AIM OF THE TASK: If pictures are present, leave them out, and copy the data word for word.

SUPPLIED INFORMATION:
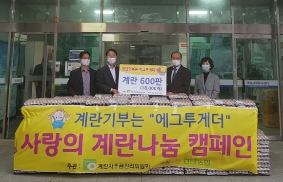 경남농협은 19일 경남사회복지센터(창원시 의창구 동읍 소재)에 계란 30구 600판(1만 8000개)을 전달하는 ‘사랑의 계란나눔, 에그투게더 캠페인’을 실시했다.
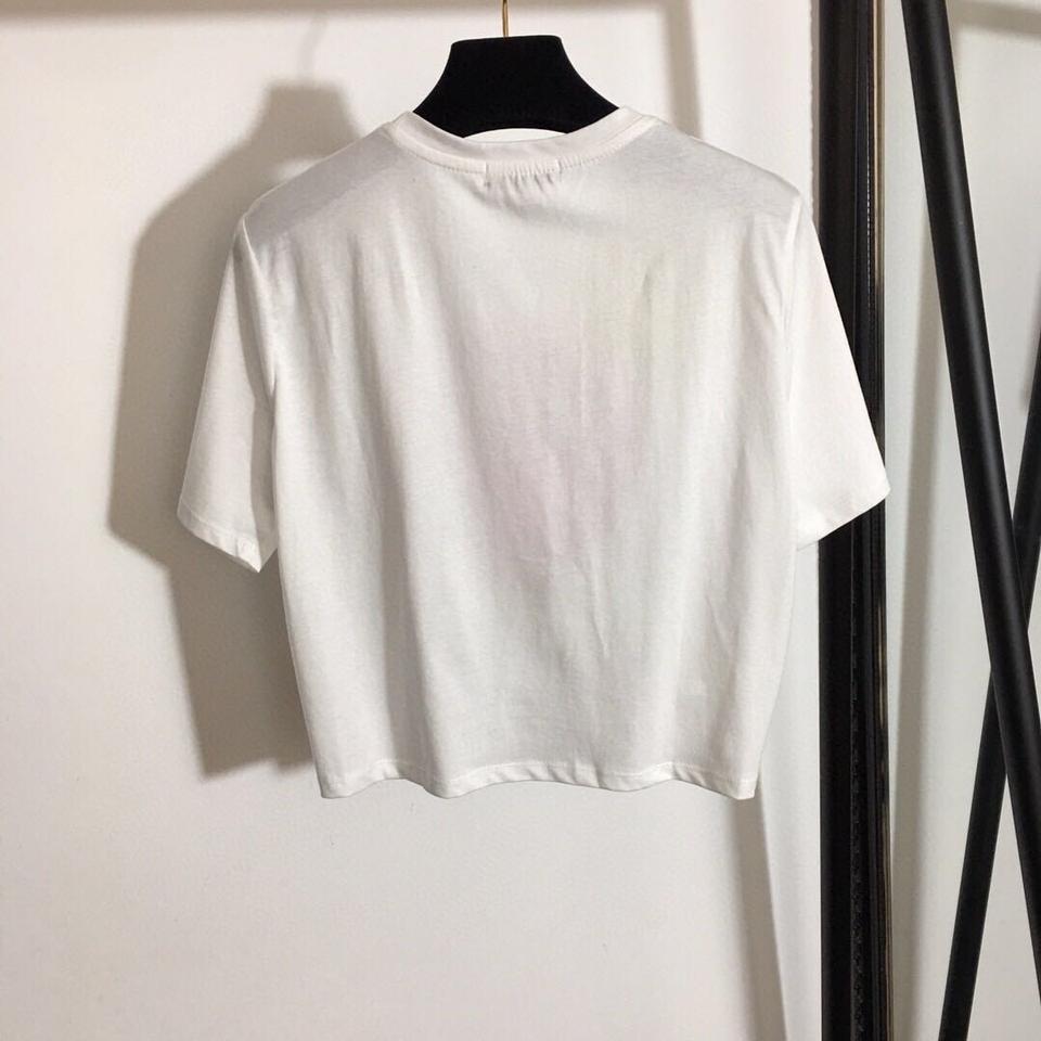 เสื้อยืดสั้นสำหรับผู้หญิง, ใหม่สำหรับฤดูร้อน2022เสื้อพิมพ์ลายตัวอักษรทำจากโลหะเข็มขนาดใหญ่ตกแต่งคอลเล็คชั่นเอวลำลองและอเนกประสงค์
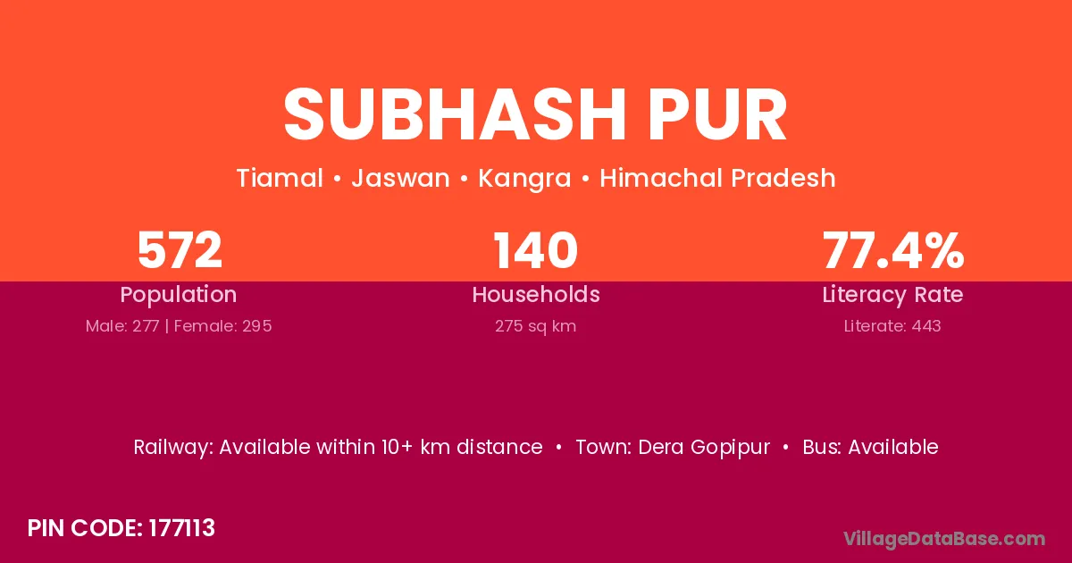 Subhash Pur village has a total population of 572 people, of which 277 are males and 295 are females.
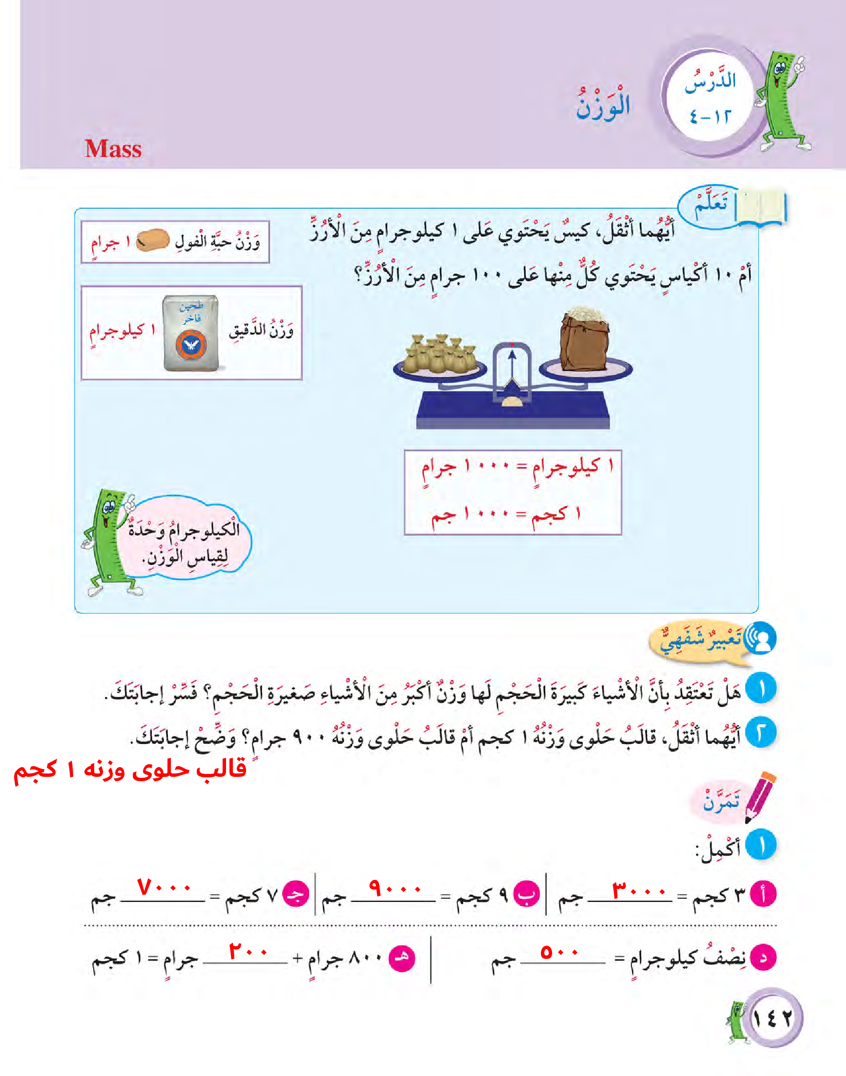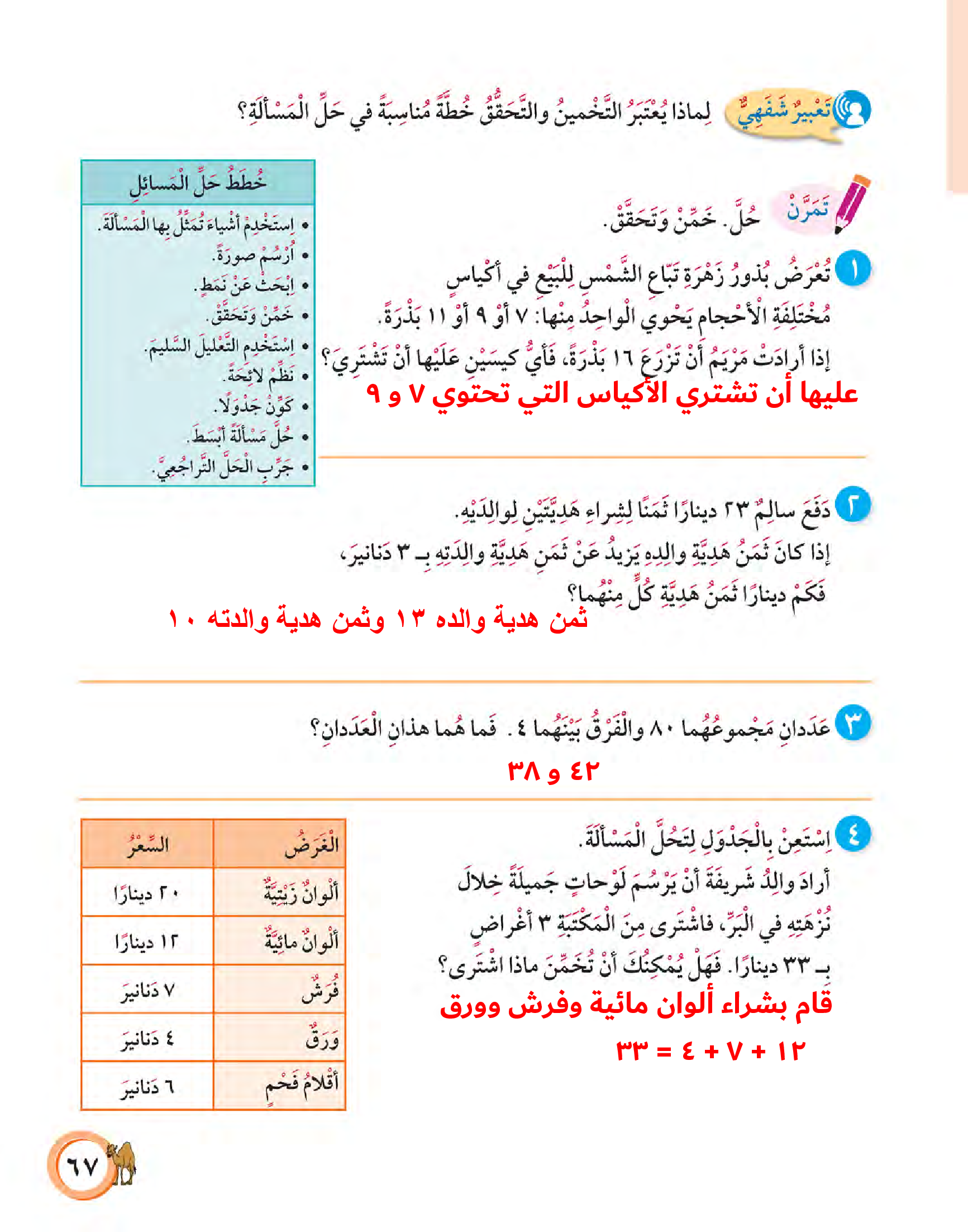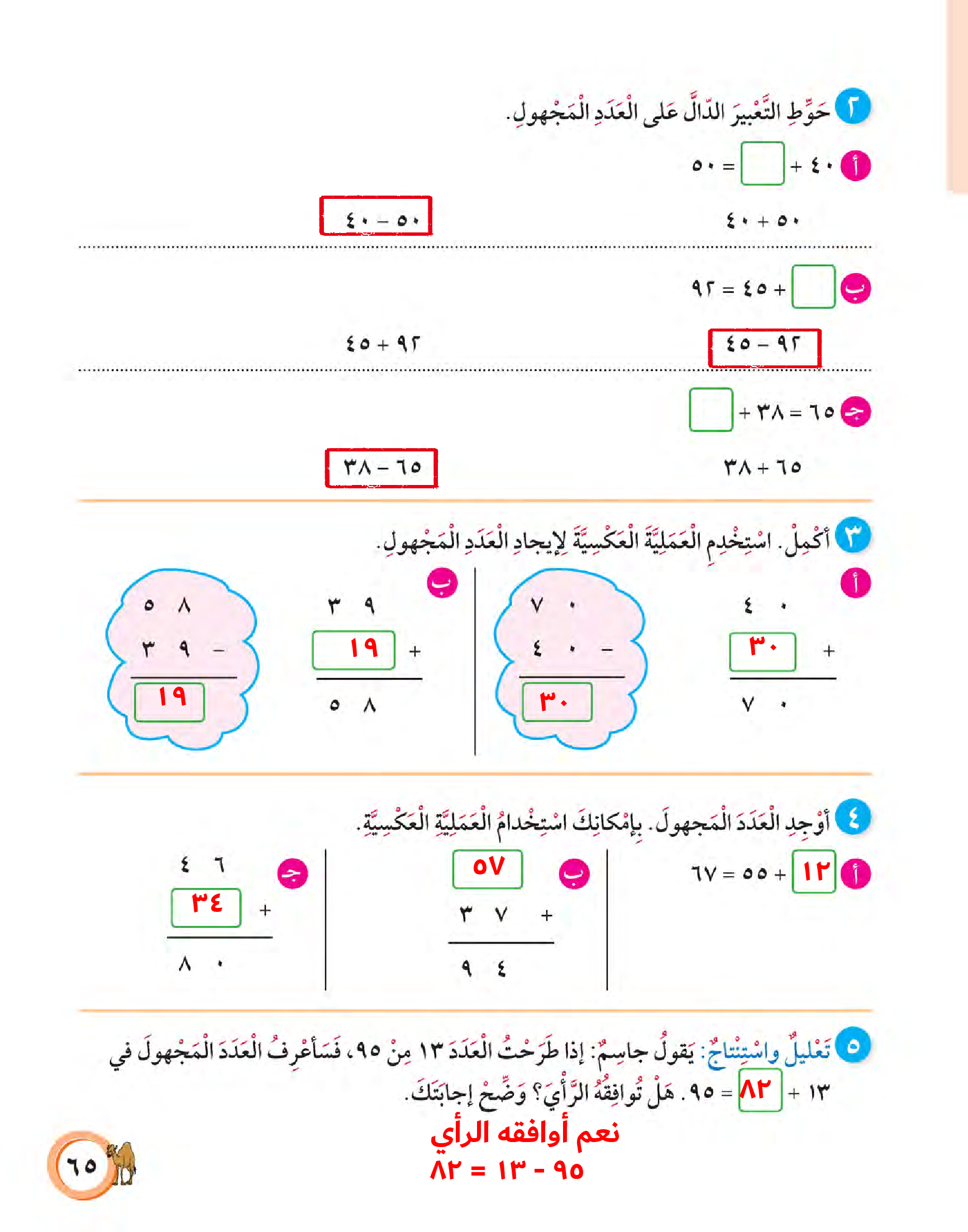 مراجعة وحدة جمع / طرح الأعداد الكلية

REPLY TO THE EXERCISE:
 경남농협은 19일 경남사회복지센터(창원시 의창구 동읍 소재)에 계란 30구 600판(1만 8000개)을 전달하는 ‘사랑의 계란나눔, 에그투게더 캠페인’을 실시했다.
 เสื้อยืดสั้นสำหรับผู้หญิง, ใหม่สำหรับฤดูร้อน2022เสื้อพิมพ์ลายตัวอักษรทำจากโลหะเข็มขนาดใหญ่ตกแต่งคอลเล็คชั่นเอวลำลองและอเนกประสงค์
 Subhash Pur village has a total population of 572 people, of which 277 are males and 295 are females.
 مراجعة وحدة جمع / طرح الأعداد الكلية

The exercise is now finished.